Behind glass

 

This is another in the Quadrant Book Store series–this is a window on the alley side of the building.  Of course it could be any window anywhere in any old house.

 When I was a kid growing up in upstate N.Y. in the ‘50s—there was an old lady on my block who lived alone and was pretty weird. Us kids (elementary school age) called her “Myrtle the Turtle,” mostly I guess because we thought the phrase was clever and demeaning but, on reflection, it really was appropriate to her circumstances—living alone in her shell—just poking her head out occasionally, briefly—to look around and if anybody got close—snap at them (I guess she was a snapping turtle.).

 Every window in Myrtle’s house looked like this one—dirty, old—junk sitting in them that never changed year to year. The significance and history of these items was a complete enigma. It was sort of like they were an exhibit on permanent display in a museum that never opened to outsiders.

 I can’t remember what became of Myrtle. I do remember one day she just wasn’t living there any more. The drive was empty for a few weeks then one day a new car was there. The yard got mowed, windows cleaned and the junk was gone—as was Myrtle.

 The real utility of this memory for me personally (and for anyone remembering trivial stuff from the distant past) is the personal mythology value—that mélange of life detritus and framework of substance—that makes up our inner world and self-image.

We all remember the big stuff—like dad being in an accident, the family going on a long, exciting trip, graduation from school or college. But we carry also a lot of old, apparently useless junk—bits and pieces of awareness and experience—little memories that seem to have no real point or purpose.

They sit there on display in our dusty little inner museums, decade after decade—the exhibits may or may not be open to outsiders. Intimate, silly mental and emotional shards of having participated in the human condition that ultimately contribute deeply to who we are. 99 percent of life is pedestrian and uninteresting stuff—routine, random, not very significant, moments, events and activities.  Collectively and individually—all that human stuff rattles around in there until “there,” is gone and one day the drive is empty.

So what?

 If you have not already you may want to give some thought to opening the doors and sharing some of that stuff. A lot of that “junk” in your collection—is beautiful or interesting—and fun to share. An example would be me telling you about Myrtle.

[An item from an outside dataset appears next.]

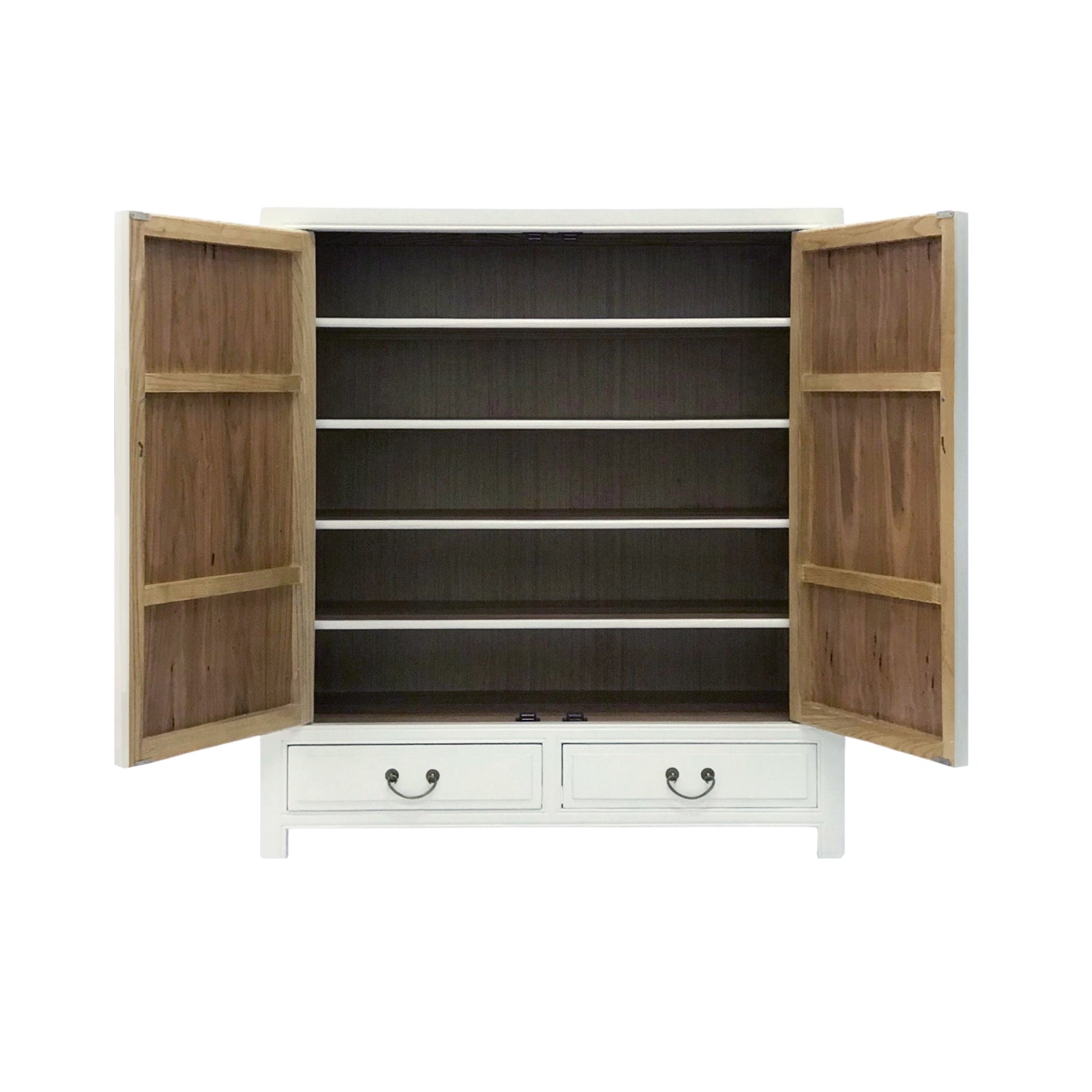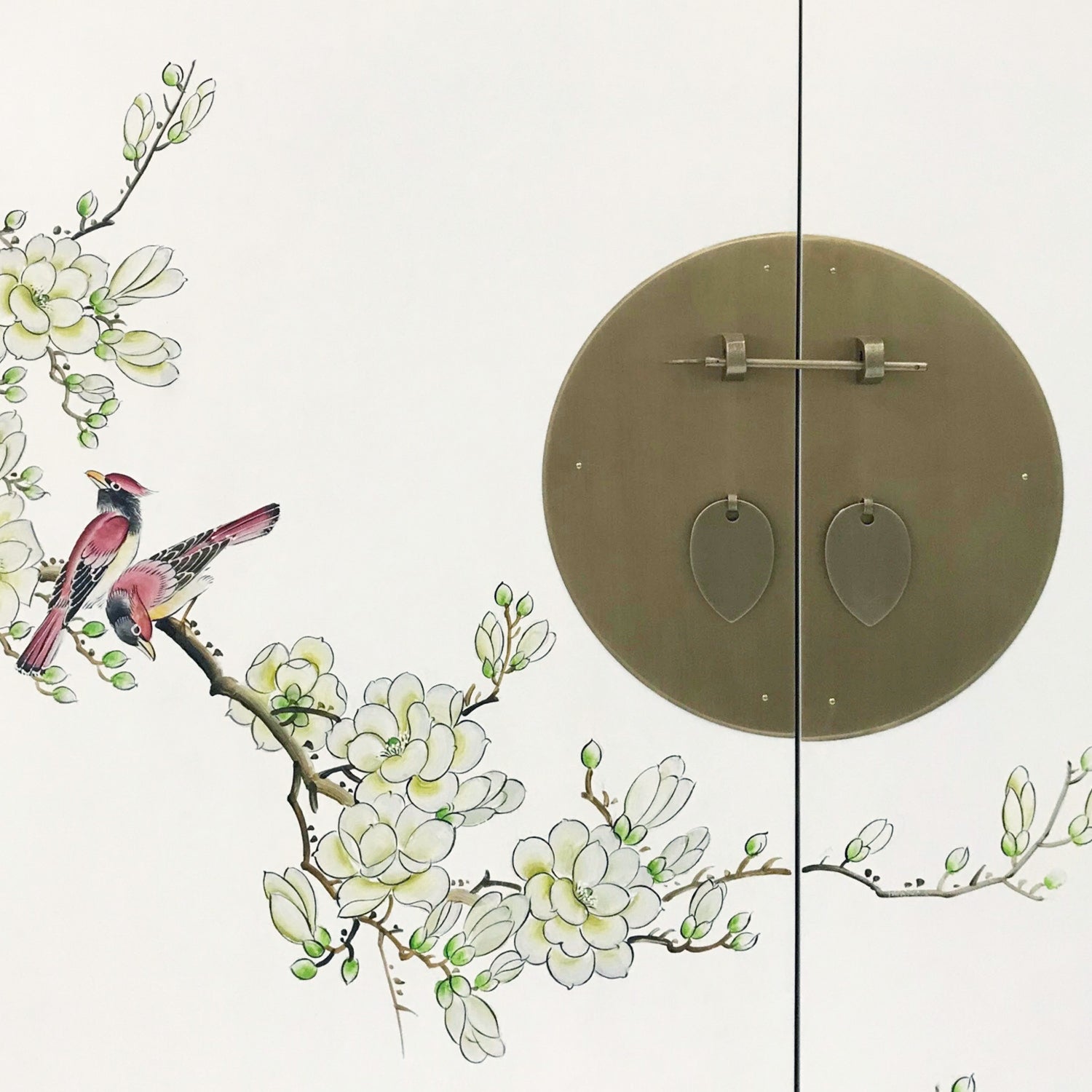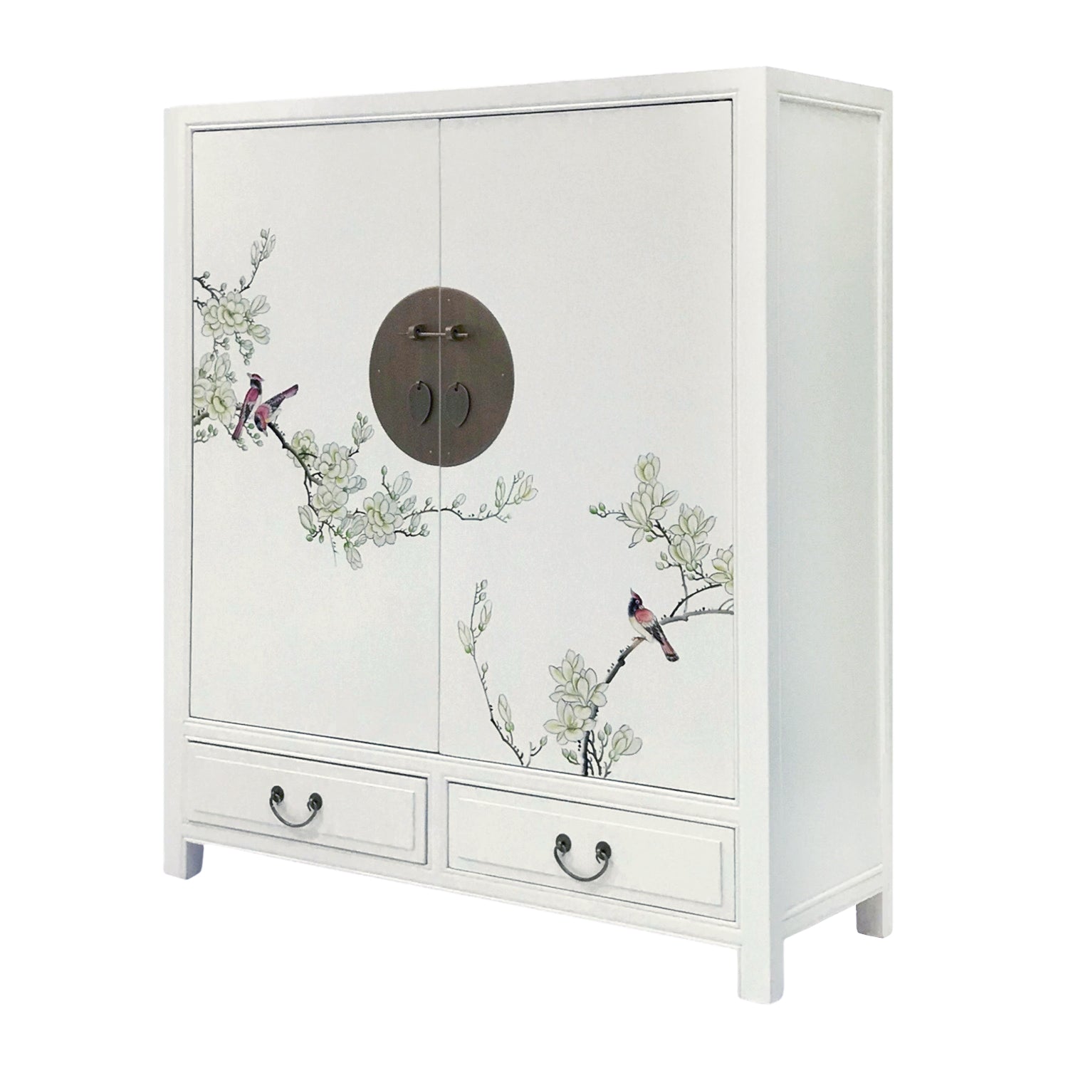 Magnificent and majestic, this shoe cabinet definitely has more than sufficient space to store your entire household’s shoe collection and more. A large cabinet with an outward exterior of white wash adorned with chinoiserie floral motifs, it is offset by a round brass face plate with a sliding pin lock to further put emphasis on its Chinese origins. Use it for its intended purpose or transform it into any storage of your desire!

But I personally believe the greatest value can be (note I said “can,”) the insight into yourself gained if you pull up and pull out enough of those little remembrances. If you talk about or write about a sufficient number of those little memories you will notice patterns, recurring ideas, images, problems that can be strung together into an outline of who you think you are—(“hey—who do you think you are man?” )

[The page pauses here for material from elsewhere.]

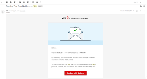 From here, Yelp will send you an email confirmation. Check your inbox. The page should look like this: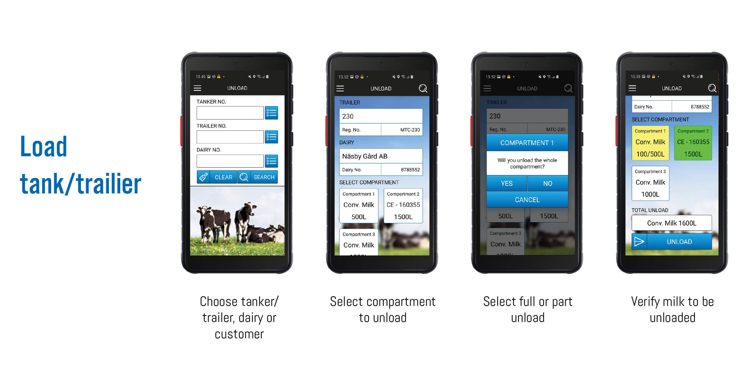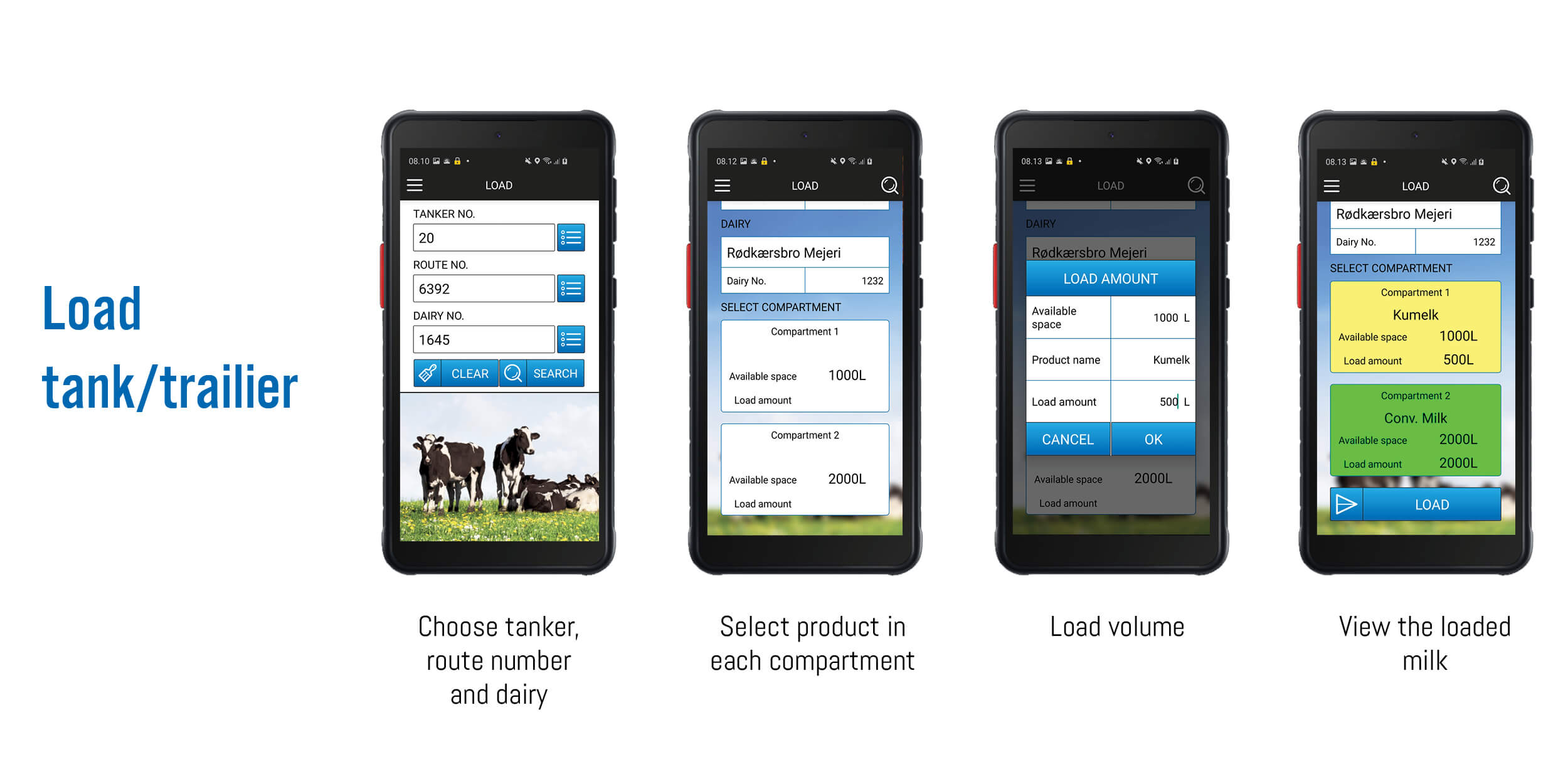 The Milk APP makes it possible to see the amount and the type of milk that has been pumped into the milk truck and where it comes from. It also indicates the quality and temperature of the milk. The dairy can keep track of the milk truck and monitor the collection route. The CIP status of the milk truck is also shown in the APP

The more you know about who you think you are the better you can (there’s that disclaimer again) avoid or deal with certain issues and cultivate some appreciation for the beautiful, unique person you are. In recent years I’ve noticed a pattern of remembrances in my own life that involve observing and interpreting those observations into a fabric of human condition understanding largely melancholy if not tragic in nature. Look at your own bits and pieces of time spent in the world–what do you see–who are you?

 Of course you must be willing to share stuff and look honestly at your life—in other words stick your head out and really look around—and (unlike Myrtle) keep it out.

 Most importantly though—no snapping allowed.